Note:
This topic has been translated from a Chinese forum by GPT and might contain errors.Original topic: IO利用率爆表

Some hard drives have an IO usage rate that stays above 90% for a long time. Have you encountered this before?
Note:
This topic has been translated from a Chinese forum by GPT and might contain errors.Original topic: IO利用率爆表
Some hard drives have an IO usage rate that stays above 90% for a long time. Have you encountered this before?
What operations have been done currently? Check the slow SQL, is there more statistical SQL during the weekend?
There doesn’t seem to be any issue with slow queries; it’s been consistently high for the past few months.
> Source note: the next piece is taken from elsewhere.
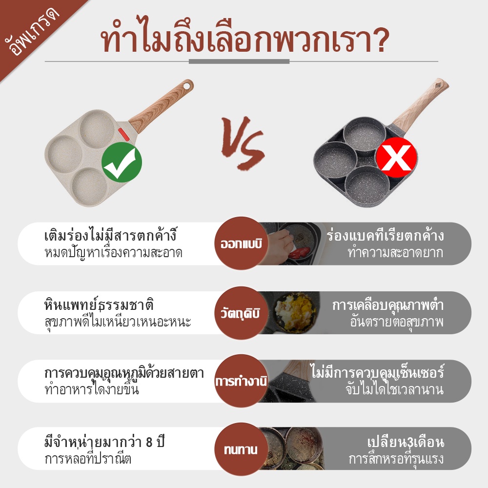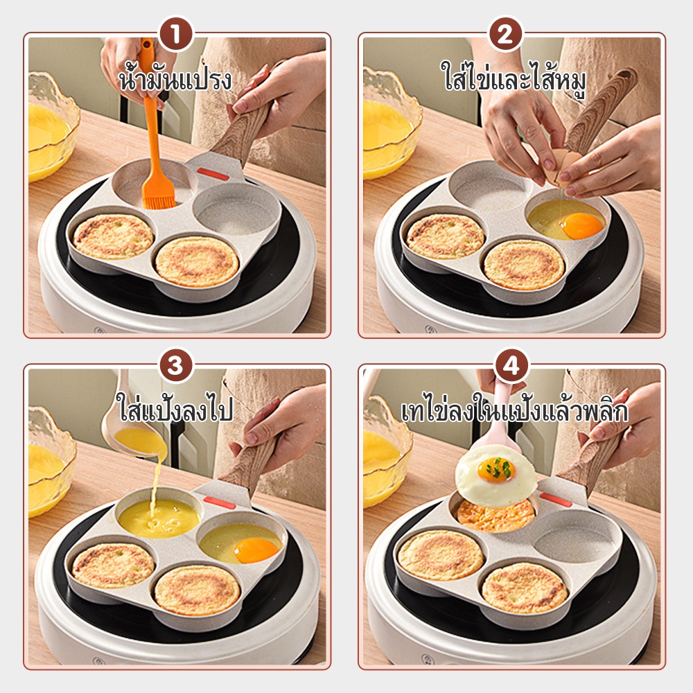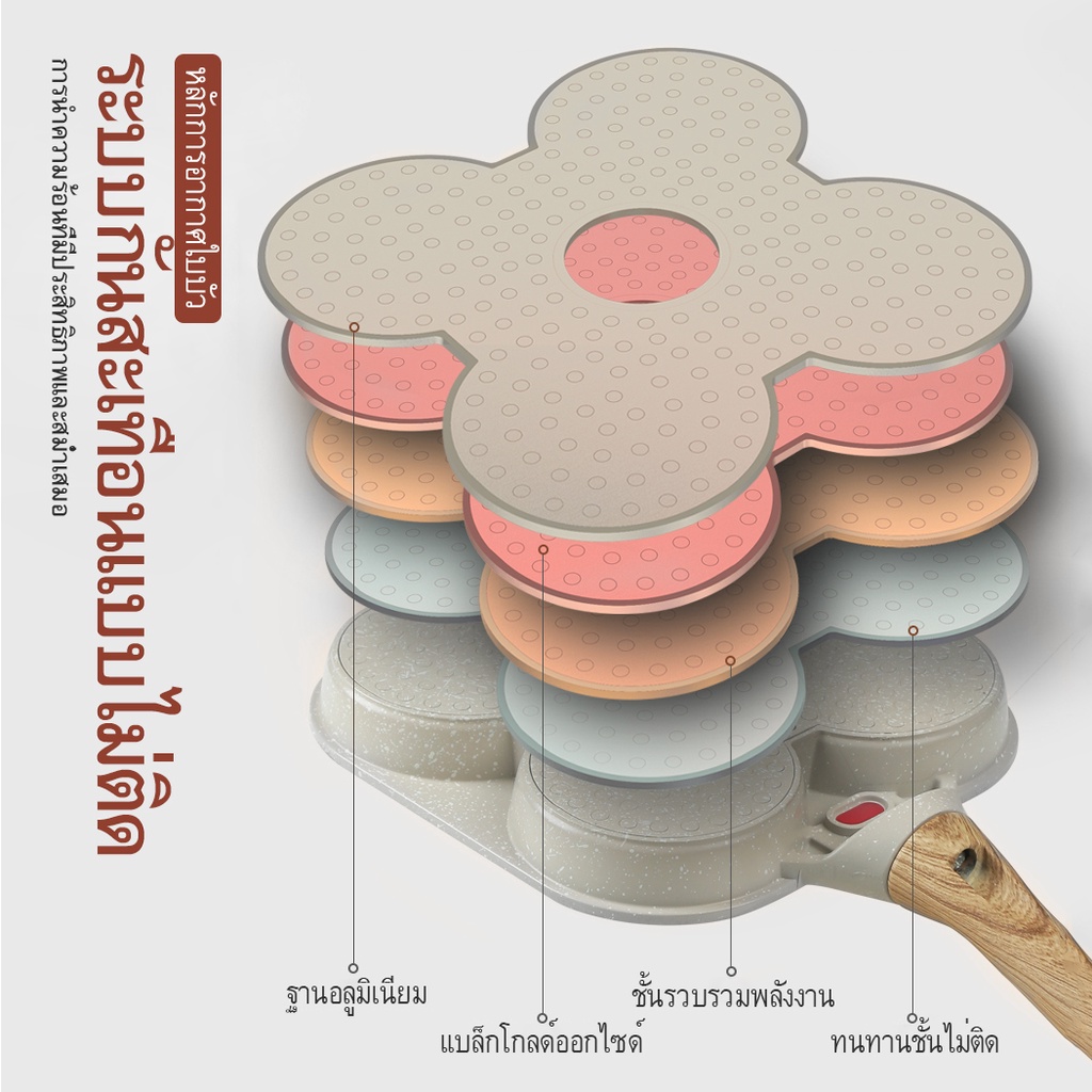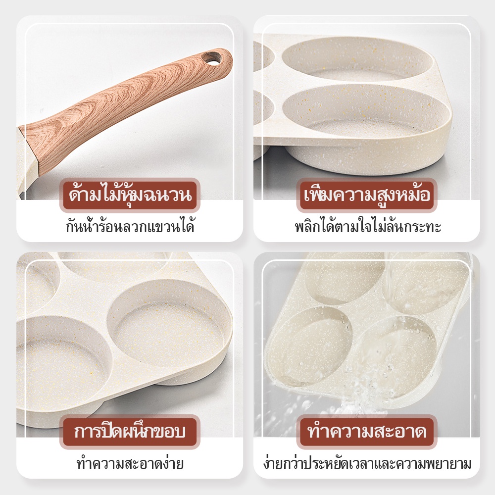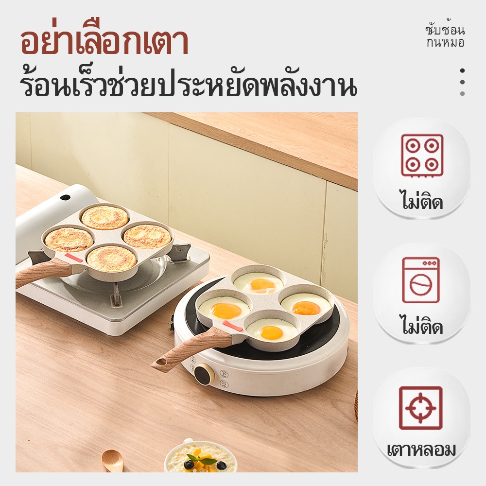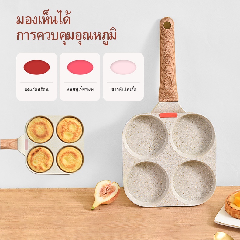 Yinkeo กระทะ สไตล์ญี่ปุ่น กระทะ 4 หลุม กระทะหินอ่อน เหมาะสำหรับเตาแม่เหล็กไฟฟ้า.

I am currently transferring TiKV. The process of taking TiKV offline has been ongoing for almost 2 hours and still hasn’t completed. I don’t know what’s going on.
Sort by total execution time in descending order and see. It could also be caused by the TiKV going offline.
Previously, the IO was very high. Now, after taking 3 TiKV nodes offline, the offline command was executed successfully, but it has been offline for a long time and is still in the process of going offline. The logs show:
[2024/03/09 21:45:30.574 +08:00] [INFO] [advance.rs:296] [“check leader failed”] [to_store=183] [error=“"[rpc failed] RpcFailure: 12-UNIMPLEMENTED"”]. I wonder if this is the reason.
Are the three instances that exceed 90% in the picture deployed on the same machine?
Wait until the TiKV node is taken offline and then check again. If the workload is not heavy and there are no slow SQL queries, pay attention to whether there are any issues with the disk.
The TiKV that needed to be taken offline has been taken offline. I have balanced the TiKV, and now the IO has dropped to around 85% with some fluctuations.
There is no solid-state drive installed, running the database is 100% normal.
Check the disk read/write latency under Disk in Grafana’s Tidb-Cluster-Node_exporter to see how the disk performance is. For example, a write latency of generally within 3ms is preferable.